Salı, Ekim 13

Olursa Ekime, Olmazsa Sikime Kadar!

...

Eyyamcılık, eziklik; şeref yoksunluğundan gelir.

Kimsenin adamı değilim, olmayacağım, olmam ulan!

Kendimden zerre taviz verirsem adam değilim.

Vermeyeceğimi, veremeyeceğimi biliyorum.

Vicdanıma, onuruma sifon çekip "bir yerlere" geleceğime, çeker giderim, foseptiğiniz size kalır.

Ben, kafama koyduğum işi yaparım; işi yaparım, sadece işi.

Bu, ilk de değil.

Diyeceksiniz ki, patron, ona daha fazla kazandıracak adamı kırar, onu engeller mi?

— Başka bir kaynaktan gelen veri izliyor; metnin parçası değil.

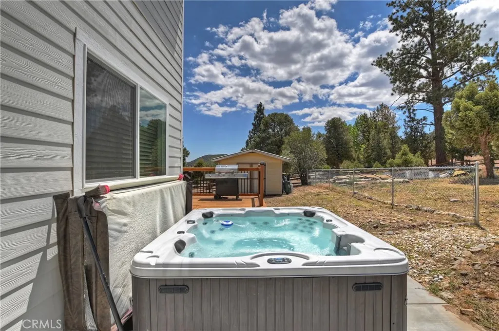 Elevate your lifestyle ~ Set yourself apart with this newly built 2023 custom mountain residence, where exceptional design, comfort, and breathtaking views come together in perfect harmony ~ Ideally located just 15 minutes from all of Big Bears year-round amenities ~ This spacious home offers the perfect balance of seclusion and accessibility ~ Step inside to be greeted by soaring high ceilings and an open floor plan bathed in natural light ~ The inviting interior features high-end finishes throughout, including custom natural quartzite countertops, sleek stainless steel appliances, hand painted solid wood base boards and thoughtful touches that elevate everyday living ~ The expansive great room seamlessly connects to the kitchen and dining area, creating an ideal flow for entertaining or unwinding in style ~ The homes exterior is just as impressive, enjoy sunrise coffee or sunset cocktails from the large front and back decks, or take in the crisp mountain air from the private upstairs balcony off the game room ~ Whether you're relaxing or hosting guests, every corner of this home was designed to capture the surrounding mountain beauty ~ An attached garage and additional storage shed provide ample space for all your mountain toys from snowboards to climbing equipment, as well boat and jeep parking ~ The adjacent lot can potentially be included in the sale at the right price, the possibilities to expand or simply enjoy extra space and privacy are yours to explore ~ Whether you're seeking a primary residence or a luxurious second home this one-of-a-kind property delivers both

Engeller, kompleksinden engeller.

İlk iş tecrübemde bunu yaşadım.

İkincisinde, öğlen "Senin gibi birini üç beş çapulcuya harcatacak değilim," diyen bölge müdürü, akşam "İstifanı almak zorundayız," dedi.

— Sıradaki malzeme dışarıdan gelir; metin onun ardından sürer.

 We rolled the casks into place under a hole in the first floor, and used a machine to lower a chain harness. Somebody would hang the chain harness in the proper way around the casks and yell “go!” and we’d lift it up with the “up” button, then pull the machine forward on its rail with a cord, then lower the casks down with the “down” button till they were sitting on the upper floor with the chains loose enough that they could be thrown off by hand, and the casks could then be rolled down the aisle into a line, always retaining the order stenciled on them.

("Sana bunu yapanlar için ne diyorsun?" dediğinde de, söyledikten sonra kendim bile şaştığım ama hala gurur duyduğum birşey söyledim: "Herkesin günahı kendine yeter.")

Ve şimdi de, işin olabilecek en iyi şekle gelmesi için yaptıklarım, her ne hikmetse "üzeri örtülmesi gerekenler"i söyleyebilmem, onlara kazandıracak olmasına rağmen, distribütörü oldukları firmaya duydukları kompleks ve çekişme nedeniyle, bordromun bağlı olduğu boktan şirketin yöneticileri tarafından "ihanet" olarak algılandı.

Esas neden de, duydukları korku, ön kesme içgüdüleri. Ayrık otu istememe. "Tehlikeli" adam istememe. Farklı ses, doğru ses istememe.

Kusura bakmayın. Ben bilmemne beyi, bilmemne hanımı, bilmemne beyin imparatorluğunu, bilmemne hanımın çöplüğünü tanımam. İşi tanırım.

Her iki tarafı da allayıp pullayıp arada geçinmenin ne kolay olduğunu görüyorum. Kral bile olursunuz.

Ama ben bu değilim, kusura bakmayın.

Benden yalakalık beklerseniz alacağınız şey ağız dolusu bir SİKTİR olacaktır.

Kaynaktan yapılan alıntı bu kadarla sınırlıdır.